## The task:
Your task is to print, exactly and only, the lines from the start of the entries below through the line with "- ○古いレトロな缶 6点セット". Include both ends, but skip the pictures.

## Raw data:
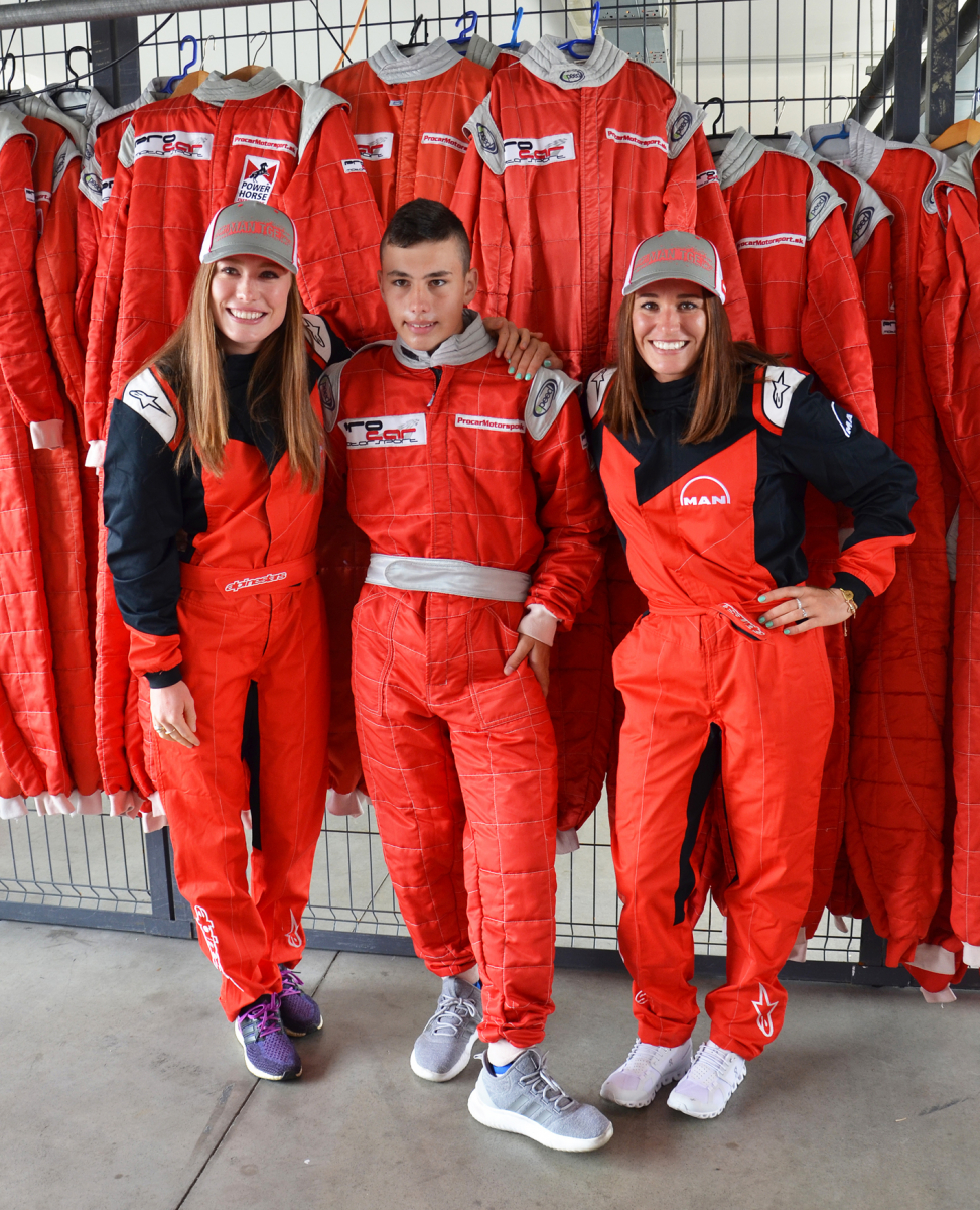 Dvojdňový program na Slovakia Ringu sa pre sestry začal v piatok napoludnie v boxe číslo 20. Tam bola prezentácia „race taxi“. Pre nezasvätených asi treba vysvetliť, že v rámci tejto atrakcie jazdci majstrovstiev Európy truckov vozia vo svojich špeciáloch VIP hostí jednotlivých značiek. V trme-vrme a vzrušenej atmosfére si Paulína a Ivona obliekajú pretekárske kombinézy, kukly, prilby… Smiech a dobrá nálada okorenená očakávaním do-posiaľ nepoznaného zážitku. Nuž, asi netušia, že pretekové ťahače sú zhruba o dve tony ľahšie a dvakrát rýchlejšie ako tie, čo vidíme na cestách, že majú motory s výkonom okolo 1100 koní a maximálnu rýchlosť v pretekoch limitujú predpisy na 160 km/h, inak by šli ešte podstatne viac. A spotreba? 100 l/100 km. Tak to je sila.
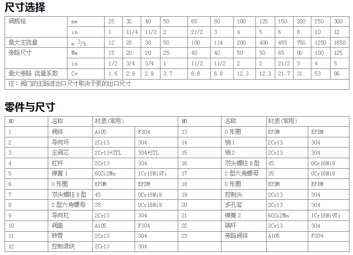其它旁路尺寸可按要求制作;最大的旁路流量取決于最大的Kv值。
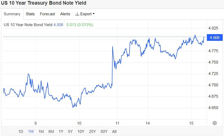 美债收益率涨跌纷歧,基准的10年期美债收益率收报4.793%;对货泉战略更敏锐的两年期美债收益率收报4.384%。
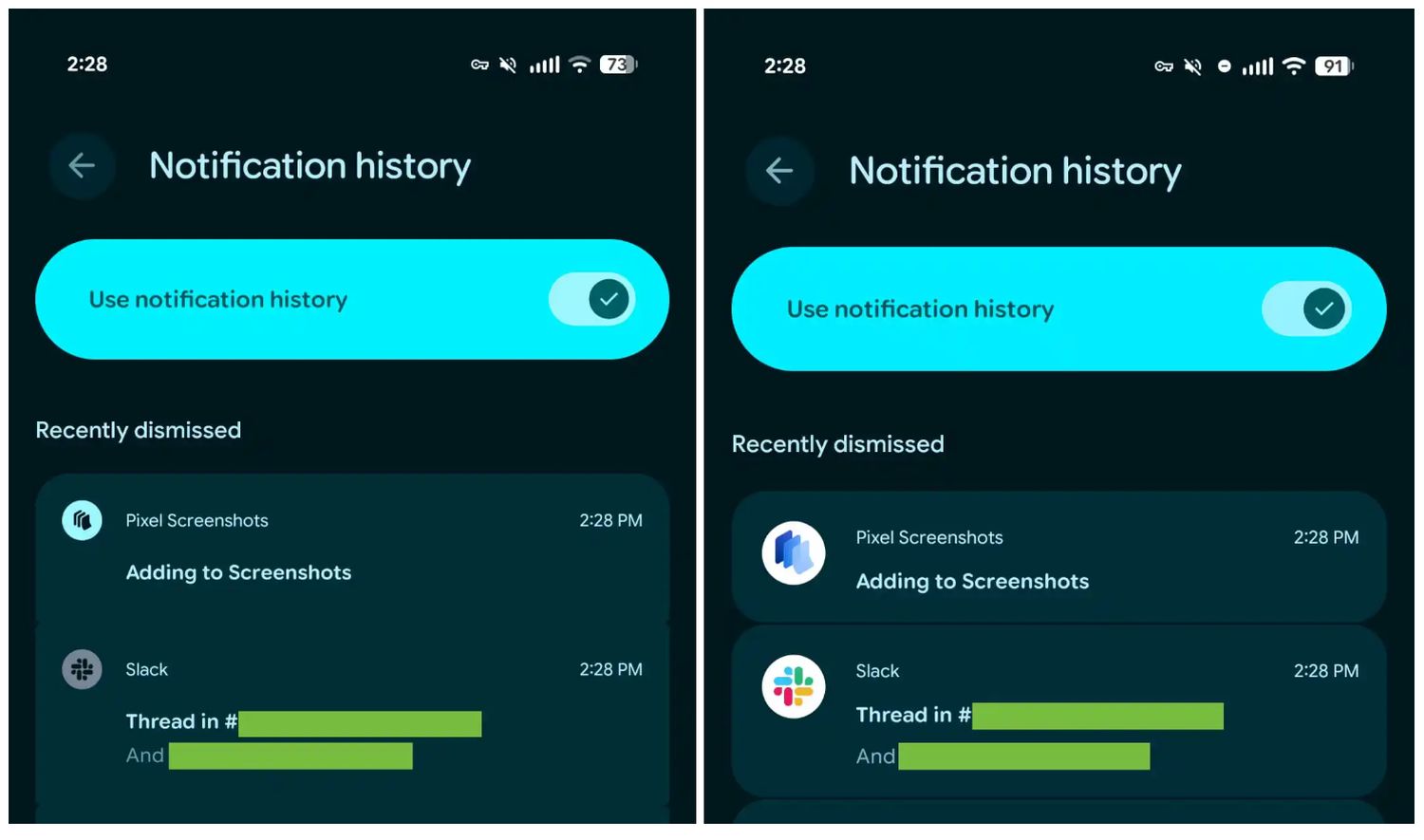 Der Benachrichtigungsverlauf mit der Auflistung aller bereits weggewischten Benachrichtigungen erhält ein neues Design, sodass die Einträge denen in der tatsächlichen Leiste deutlich ähnlicher sehen.
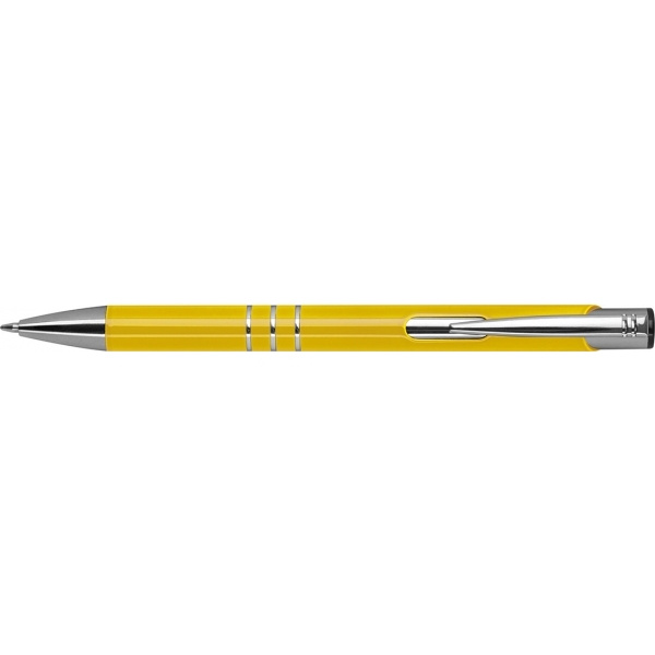 Täielikult lakitud metallist pastapliiats 3 dekoratiivrõnga ja suure mahutavusega sinise kirjaga täidisega. Teie logo graveeritakse klipist paremale.
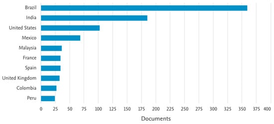 A search conducted in the Scopus database on 6 June 2023, using the search string “(bixa OR bixaceae OR ‘bixa orellana’)” identified a total of 4271 documents. This substantial number of publications highlights the interest and relevance of topics related to Bixa orellana within the scientific community. Among these documents, the following regions/countries with the highest academic production stand out: Brazil > India > United States > China > United Kingdom > Mexico > Malaysia > Egypt > Spain > France. Notably, Brazil leads the production with 1018 publications, representing 23.83% of the total, followed by India with 17.91% of the contributions. This can be observed in Figure 1.
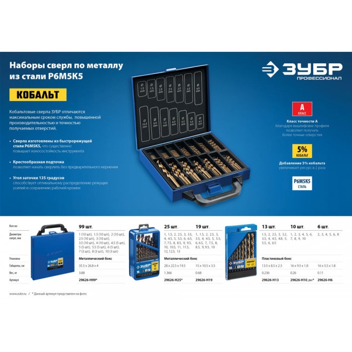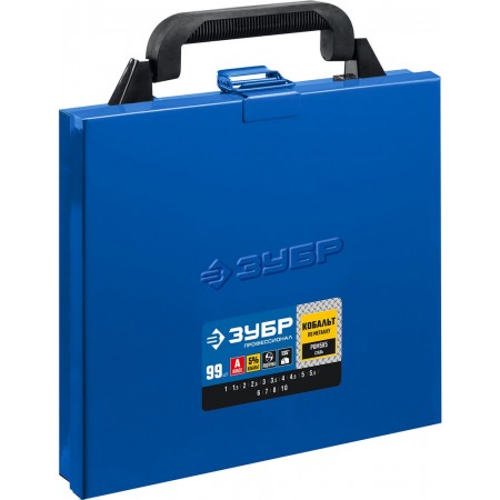 Набор сверл по металлу 99 шт (1-10 мм), сталь Р6М5К5, класс А, мет.бокс Кобальт ЗУБР Профессионал 29626-H99
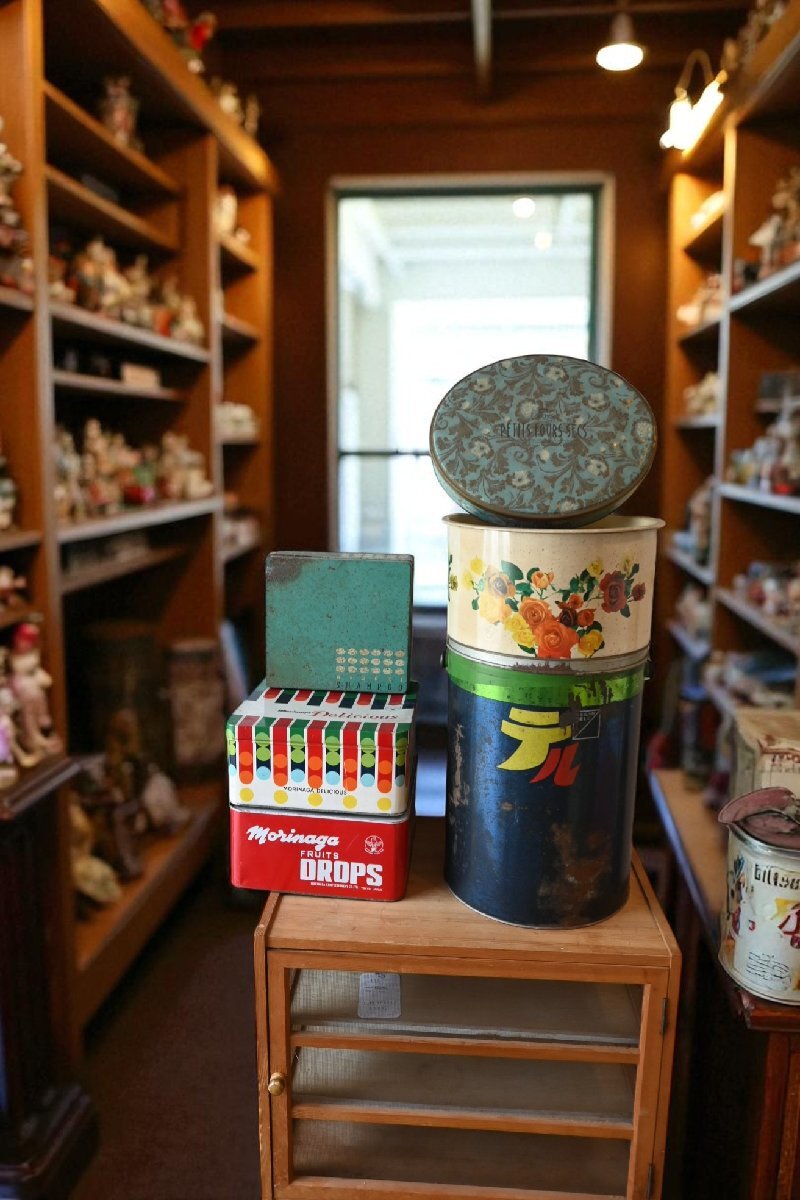 - ○古いレトロな缶 6点セット 森永ドロップ ビスケット お菓子 洗剤「テル」 昭和 シャビー ヴィンテージ 古道具のgplus広島 2508i
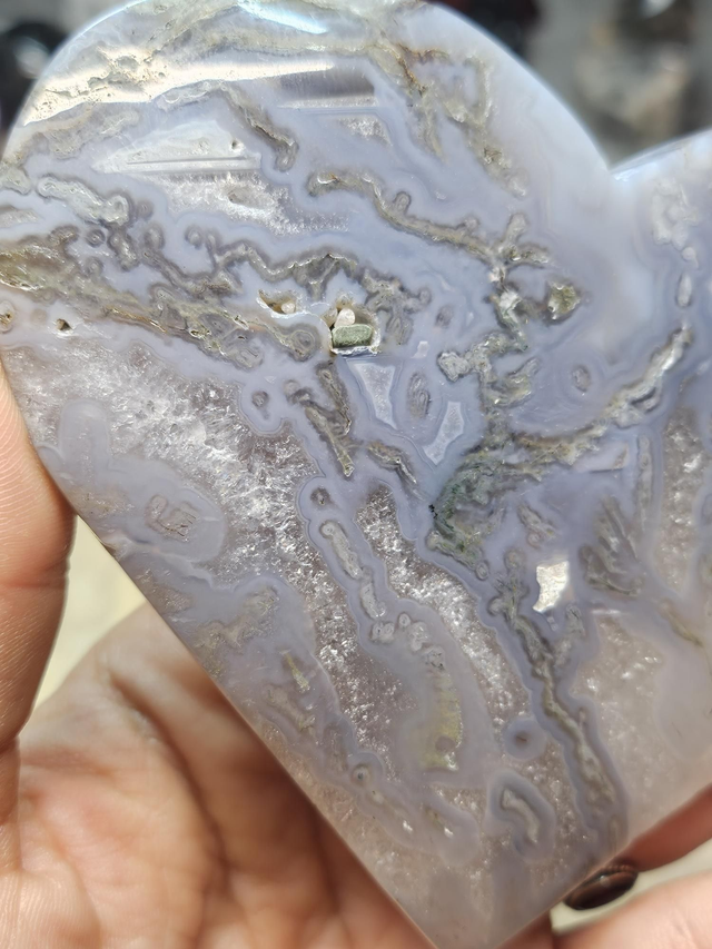 L’Agate Mousse est une pierre de renouveau et de vitalité. Reliée à la Terre et au monde végétal, elle apporte équilibre, sérénité et confiance. Elle favorise la croissance personnelle, l’ancrage et la stabilité émotionnelle, tout en encourageant la connexion avec la nature et ses cycles. Ses énergies douces aident à relâcher le stress et à cultiver l’optimisme au quotidien. En forme de cœur, elle amplifie ses vibrations d’amour, de bienveillance et d’harmonie. Associée à Déméter, déesse grecque de la fertilité et des moissons, elle incarne la régénération, l’abondance et l’union avec la Terre.

## Written reply:
 Dvojdňový program na Slovakia Ringu sa pre sestry začal v piatok napoludnie v boxe číslo 20. Tam bola prezentácia „race taxi“. Pre nezasvätených asi treba vysvetliť, že v rámci tejto atrakcie jazdci majstrovstiev Európy truckov vozia vo svojich špeciáloch VIP hostí jednotlivých značiek. V trme-vrme a vzrušenej atmosfére si Paulína a Ivona obliekajú pretekárske kombinézy, kukly, prilby… Smiech a dobrá nálada okorenená očakávaním do-posiaľ nepoznaného zážitku. Nuž, asi netušia, že pretekové ťahače sú zhruba o dve tony ľahšie a dvakrát rýchlejšie ako tie, čo vidíme na cestách, že majú motory s výkonom okolo 1100 koní a maximálnu rýchlosť v pretekoch limitujú predpisy na 160 km/h, inak by šli ešte podstatne viac. A spotreba? 100 l/100 km. Tak to je sila.
其它旁路尺寸可按要求制作;最大的旁路流量取決于最大的Kv值。
 美债收益率涨跌纷歧,基准的10年期美债收益率收报4.793%;对货泉战略更敏锐的两年期美债收益率收报4.384%。
 Der Benachrichtigungsverlauf mit der Auflistung aller bereits weggewischten Benachrichtigungen erhält ein neues Design, sodass die Einträge denen in der tatsächlichen Leiste deutlich ähnlicher sehen.
 Täielikult lakitud metallist pastapliiats 3 dekoratiivrõnga ja suure mahutavusega sinise kirjaga täidisega. Teie logo graveeritakse klipist paremale.
 A search conducted in the Scopus database on 6 June 2023, using the search string “(bixa OR bixaceae OR ‘bixa orellana’)” identified a total of 4271 documents. This substantial number of publications highlights the interest and relevance of topics related to Bixa orellana within the scientific community. Among these documents, the following regions/countries with the highest academic production stand out: Brazil > India > United States > China > United Kingdom > Mexico > Malaysia > Egypt > Spain > France. Notably, Brazil leads the production with 1018 publications, representing 23.83% of the total, followed by India with 17.91% of the contributions. This can be observed in Figure 1.
 Набор сверл по металлу 99 шт (1-10 мм), сталь Р6М5К5, класс А, мет.бокс Кобальт ЗУБР Профессионал 29626-H99
 - ○古いレトロな缶 6点セット 森永ドロップ ビスケット お菓子 洗剤「テル」 昭和 シャビー ヴィンテージ 古道具のgplus広島 2508i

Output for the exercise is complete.